→ Task requirements
Leaving pictures aside, restate exactly the lines of the data below, from the first one through the line that contains "손잡이 둥근 베이킹 그릇".

[Provided data]

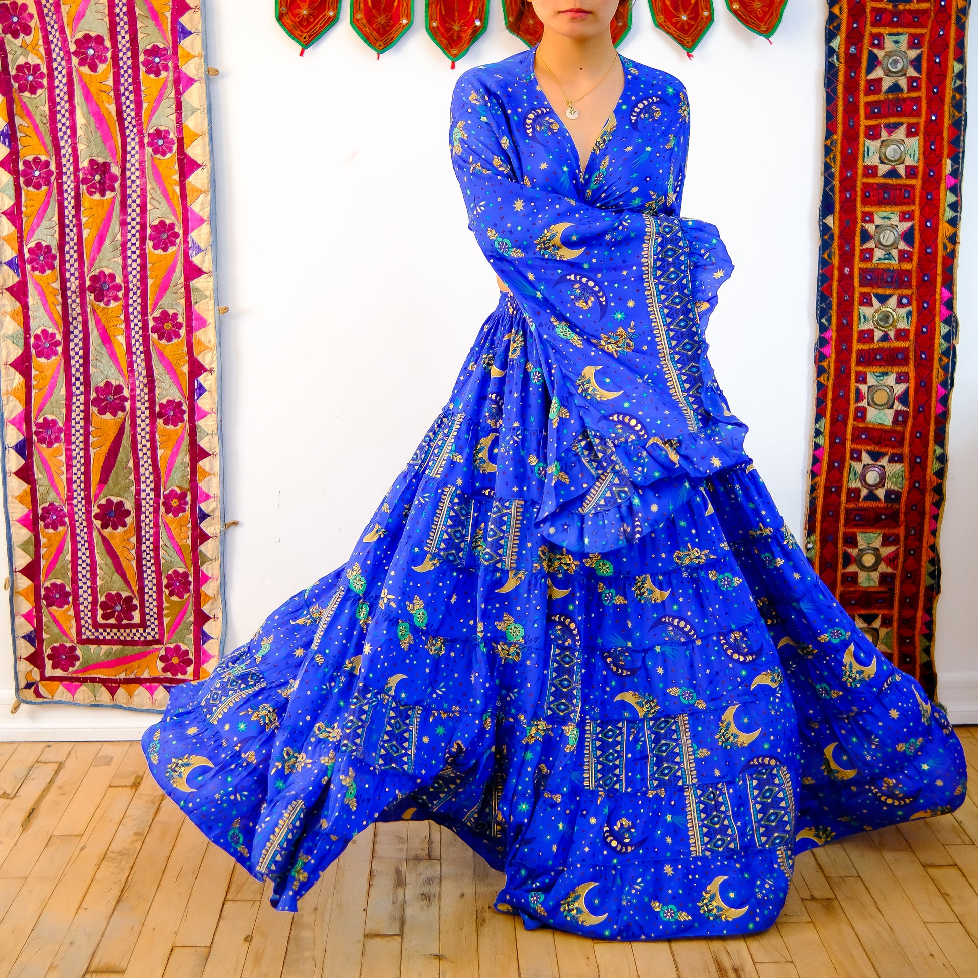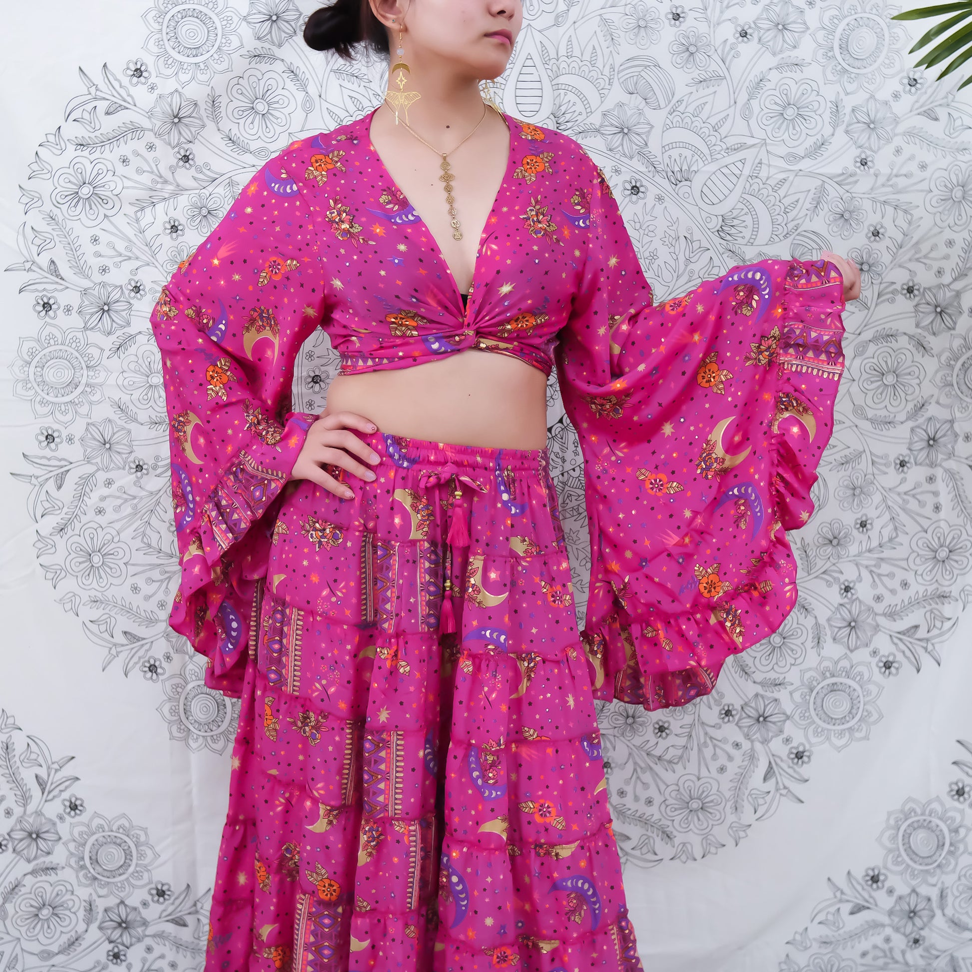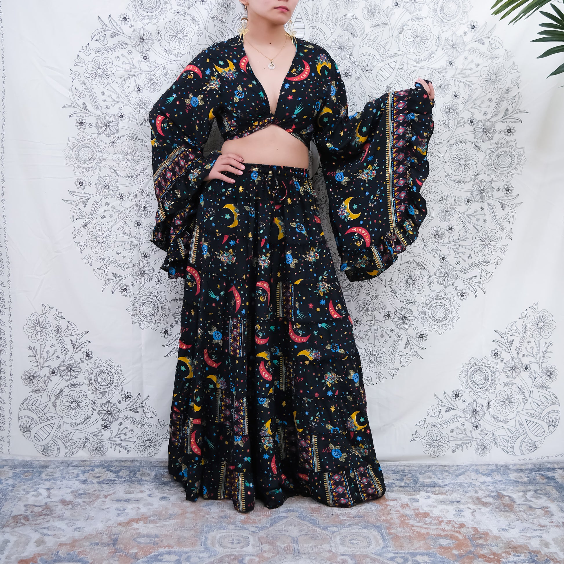 This skirt set has the print of celestial and floral that has been handmade with the touch of  gold glitter that makes it more unique...
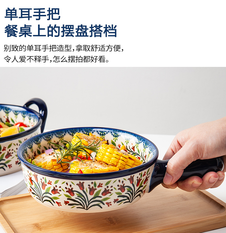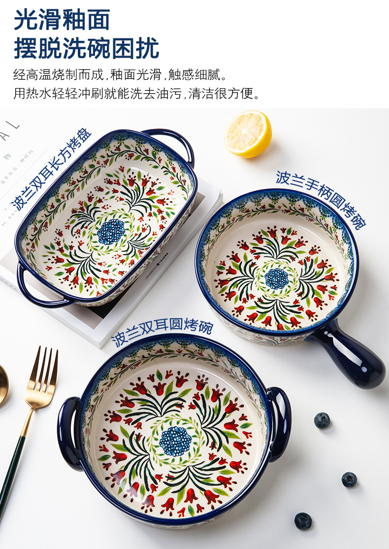 • 폴란드 도자기 손잡이 둥근 베이킹 그릇
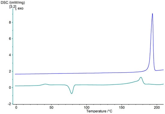 To verify the physical state of the crystalline and amorphous regions, samples of these areas were examined using dynamic and isothermal differential calorimetry (DSC 214 Polyma; NETZSCH-Gerätebau GmbH, Selb, Germany). For this purpose, 5–15 mg of the thin-film material was taken at the corresponding point, directly transferred into 60 µL aluminum crucibles (Concavus pan; NETZSCH-Gerätebau GmbH, Selb, Germany), which were subsequently cold-welded and analyzed. The samples then were heated to 120 °C at a heating rate of 10 °C*min−1 and held for 60 min.
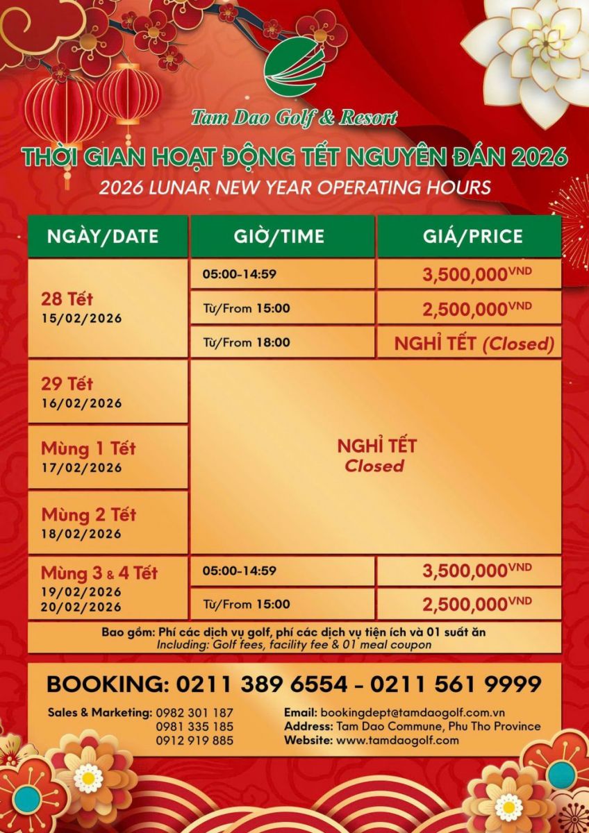 THÔNG BÁO LỊCH NGHỈ TẾT NGUYÊN ĐÁN 2026Nhân dịp Tết Nguyên Đán 2026, Sân Golf Tam Đảo xin trân trọng thông báo:
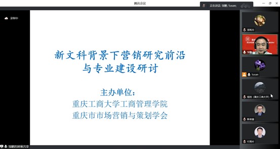 20221114日晚,由2138cn太阳集团古天乐、重庆市市场营销与策划学会联合主办的重庆翠湖营销论坛在腾讯会议成功举办。本次论坛的主题是新文科背景下营销研究前沿与专业建设研讨,来自全国各个高校的教师、学会会员、高校相关专业的博士、硕士研究生近100人参加。
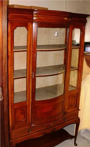 EDWARDIAN INLAID MAHOGANY BEVELLED GLASS FRONT DI
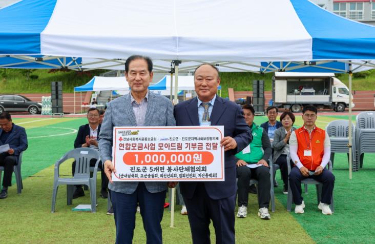 [무한뉴스=정민정 기자] 진도군을 대표하는 봉사단체인 군내면 심죽회, 고군면 송림회, 의신면 신의회, 임회면 선진회, 지산면 동백회가 관내 위기가구 발굴과 지원을 위한 연합모금 사업 ‘모아드림’에 기부금 100만 원을 기탁 했다.
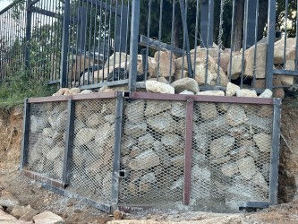 Innovative hardscape designs featuring stone pathways, metal and rock retaining walls, metal fencing installations, and erosion solutions. These projects showcase the art of integrating durable and visually appealing hardscape elements into outdoor spaces.
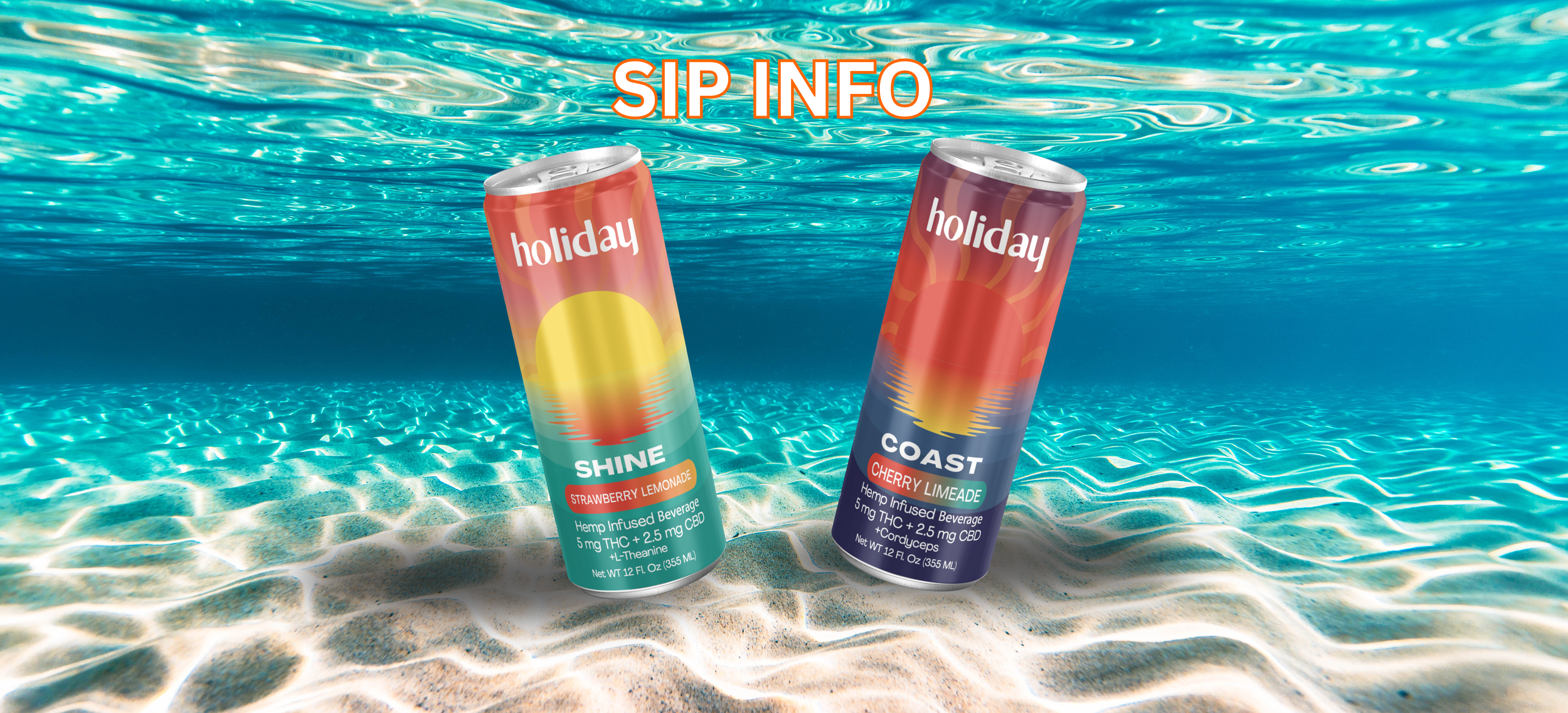 Ideal for winding down after work, enjoying a beach day, or taking time for yourself at home. If your goal is to relax, reach for Coast by Holiday. Designed for relaxation, Coast is a tasty blend of 5mg D9 THC, 2.5mg CBD, and 250mg cordyceps for a calm, easygoing experience.
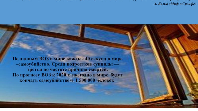 По прогнозу ВОЗ к 2020 г. ежегодно в мире будут кончать самоубийством 1 500 000 человек.
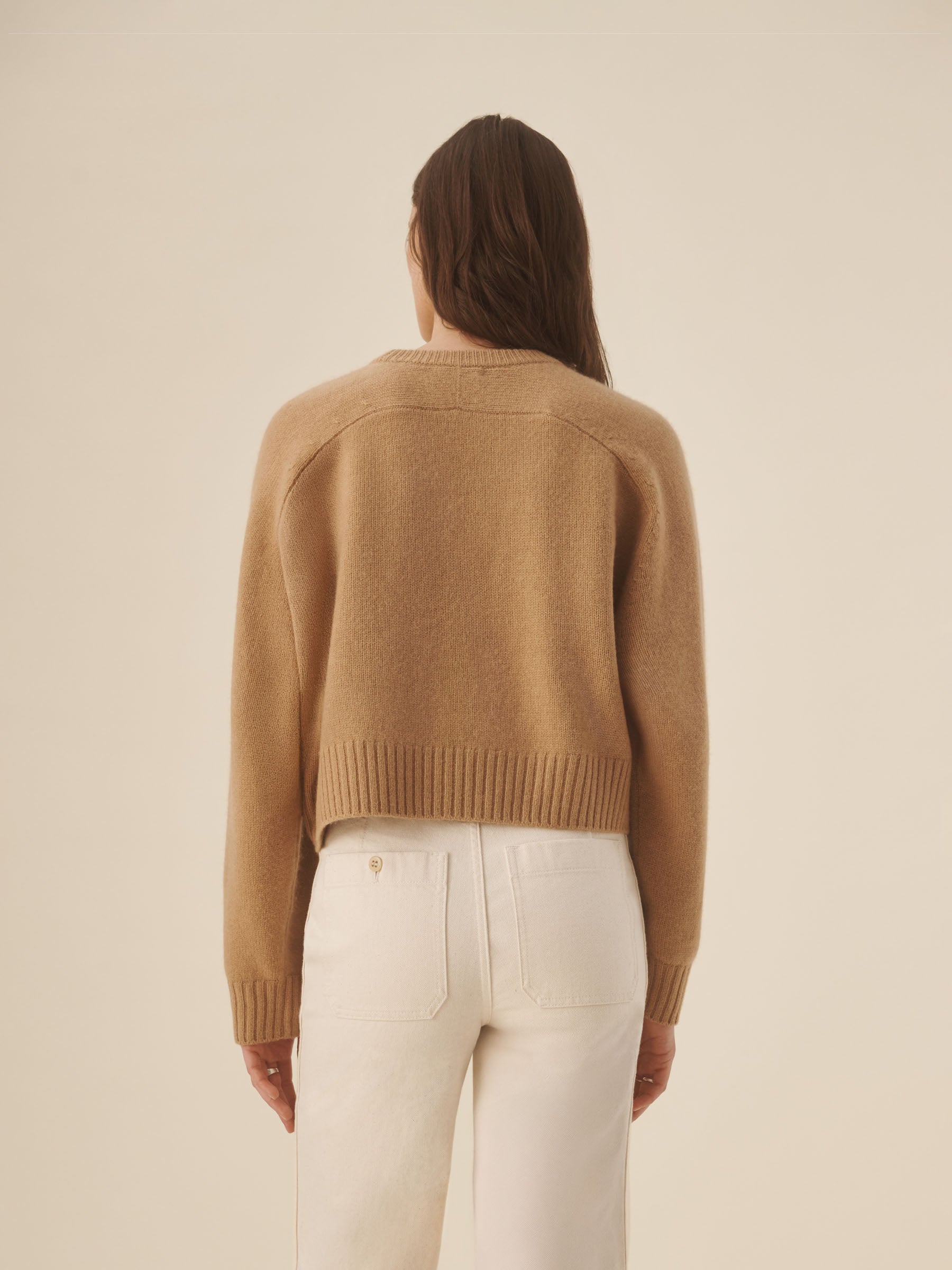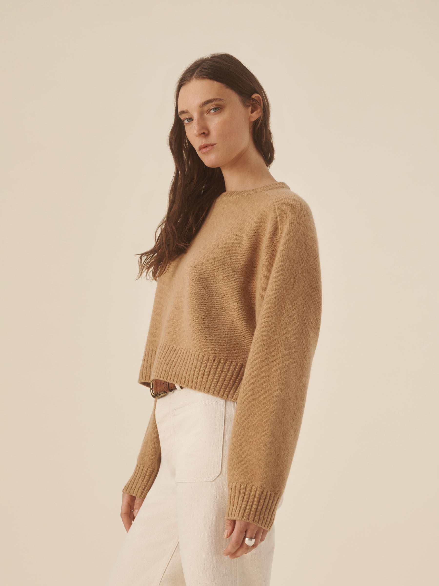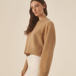 A cozy crewneck crafted from 100% cashmere in a soft jersey stitch. Designed with a boxy, oversized silhouette and saddle-shaped armholes, and finished with ribbed trims at the neckline, cuffs, and hem.

[/Provided data]

→ Exercise result
 This skirt set has the print of celestial and floral that has been handmade with the touch of  gold glitter that makes it more unique...
 • 폴란드 도자기 손잡이 둥근 베이킹 그릇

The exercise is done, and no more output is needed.